When we pass in the instance of Cat, Run_twice () prints out:

>>> Run_twice (Cat ())
Cat is running ...
Cat is running ...

It doesn't seem to mean anything, but think about it, now, if we define a tortoise type again, we derive from animal:

Class Tortoise (Animal):
  def run (self):
    print ' tortoise is running slowly ... '

When we call Run_twice (), we pass in an instance of tortoise:

>>> Run_twice (Tortoise ())
tortoise is running slowly ...
Tortoise is running slowly ...

You will find that adding a subclass of animal does not necessarily make any changes to Run_twice (), in fact, any function or method that relies on animal as a parameter can operate without modification because of polymorphism.
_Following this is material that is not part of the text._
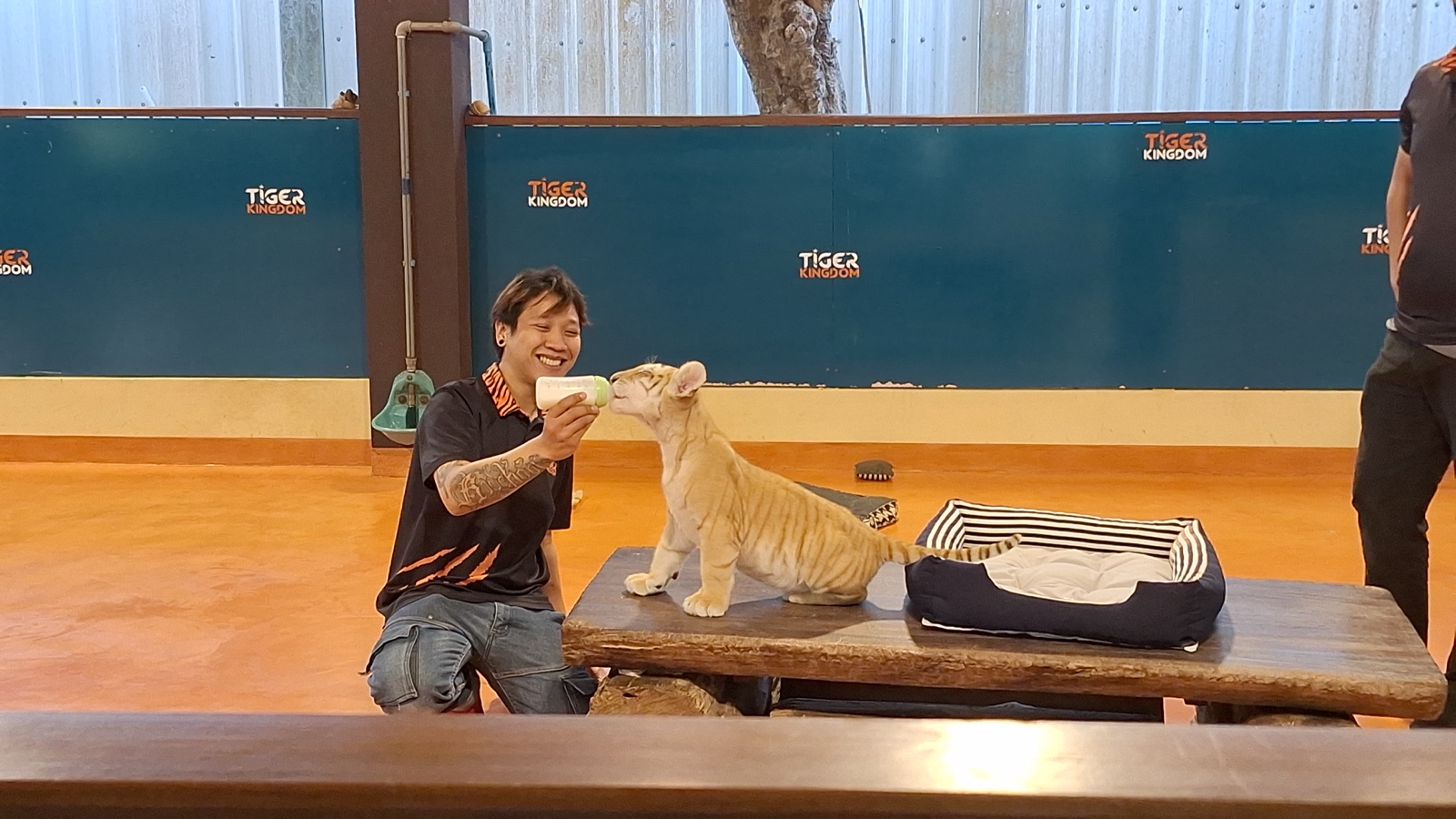 It was really fun to interact with the young tigers. They were a bit playful at first, but fell asleep later.

The advantage of polymorphism is that when we need to pass in dog, Cat, tortoise ... , we just have to receive the animal type, because dog, Cat, tortoise ... Are all animal types, and then follow the animal type. Because the animal type has the run () method, any type passed in, as long as it is a animal class or subclass, automatically invokes the actual type of run () method, which is the meaning of polymorphism:

For a variable, we just need to know that it is a animal type, and you can safely invoke the run () method without knowing its subtype exactly, and the specific call run () method acts on animal, Dog, cat, or tortoise objects. Determined by the exact type of the object at runtime, this is the true power of polymorphism: The caller just calls, regardless of the details, and when we add a subclass of animal, make sure that the run () method is written correctly, regardless of how the original code was invoked. This is the famous "opening and closing" principle:

Open to expansion: Allow new animal subclasses;

Closed for modification: You do not need to modify functions such as run_twice () that depend on the animal type.

Inheritance can also be inherited at the first level, like a relationship from grandpa to father to son. And any class, which eventually goes back to the root class object, looks like an inverted tree. For example, the following inheritance tree:

Summary

Inheritance can take all the functions of the parent class directly, so that you do not have to do zero, subclasses only need to add their own unique methods, or the parent class is not appropriate to override the method;

There is the inheritance, can have polymorphism. When invoking a class instance method, try to treat the variable as the parent class type, so that all subclass types can be received properly;

The old way of defining the Python class allows you to not inherit from the object class, but this programming method has been severely deprecated. At any time, if no suitable class can be inherited, it inherits from the object class.